Men and women behaving badly
What tricky times for both etiquette and language: Pole dancers can’t show their scanty stuff at a family-friendly fair, and you can’t abuse city councillors online without the cops getting dragged in. Those wokesters and Karens are at it again.
It makes you yearn for the days when the cops would have kicked them all up the jacksy. Even the pole dancers. Especially the pole dancers probably.
The performers at the Petone fair in Lower Hutt had a good time in spite of Karens, and put on more layering after a G-stringed artist caused consternation. Fair’s fair. They were good girls really.
Police decided not to charge protesters targeting some city councillors with online threats, but what do you expect?
They’ve got a wokester police commissioner, and people in public life will get loopy mail.
Opposition justice spokesman Simon Bridges was chirpy taking Andrew Coster to task in Parliament over what he called the commissioner’s wokester attitudes.
He was having fun for once, trying to rile the unflappable commissioner, who isn’t much like his predecessors. He’s young, for one thing, and he’s talking about policing by consent, an approach which Bridges, from the weary old law-and-order party, seemed to find hilarious.
Coster gave a lucid account of what it means.
Basically, the public has to believe in their police, who can’t operate successfully without public co-operation.
As he suggested, we don’t want to end up with the police looking like enemies; that leads straight to the trouble America has with Black Lives Matter.
An Independent Police Conduct Authority inquiry into bullying and related issues in the police, published this week, backed his approach with perfect timing.
It was tempting to see it as an attack on the cult of masculinity, but macho behaviour and bullying aren’t limited to men.
It was also tempting to dwell on the accounts of bad behaviour as its main finding, confirming any prejudice you might have about police culture, until you read it more closely.
All police were asked to fill in a survey and 40 per cent of them did.

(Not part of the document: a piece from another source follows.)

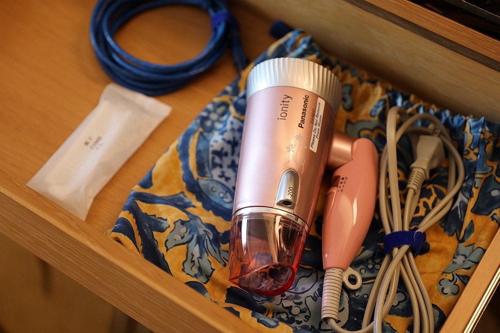 洗手台的小盒子裡還附有化妝棉、牙線、棉花棒、剉刀、針線包....等

Then 40 per cent of those police said they’d personally experienced nastiness in the past year.
That suggests 16 per cent were affected (said my Google search), possibly the same number as would report it in any hierarchy from the schoolyard through to the workplace anywhere, Parliament, and the professions.
Many people in the workplace will experience, at some point, intolerance of questioning or dissent, favouritism and protectionism, marginalisation and ostracism, abuse and intimidation, sexist and racist behaviour, inappropriate office culture, and a lack of empathy and caring.
We probably expect too much of people working at the coalface of horror. They need to be selfprotective at the time, but afterwards may crumple.
It’s why someone in every office block weeps in the loos.
This unpleasantness makes a pretty sociopathic package, and we’re told sociopaths do well in business and big organisations.
It’s more concerning in the police, though, because they deal with people in crisis, injured, mentally ill, stoners high on drugs, and gang members for whom machismo is the ideal strut.
No wonder some fail, fall back on jock role plays, or become cynical.
The report found inadequate training in the police for management and appointment and staffing processes. Sometimes police need what’s called a ‘‘direct and demand’’ mentality, much like the military, as in the Christchurch mass killings. But not always, which can be a problem.
We probably expect too much of people working at the coalface of horror. They need to be selfprotective at the time, but afterwards may crumple. Real men don’t cry. Only they do, and possibly they should.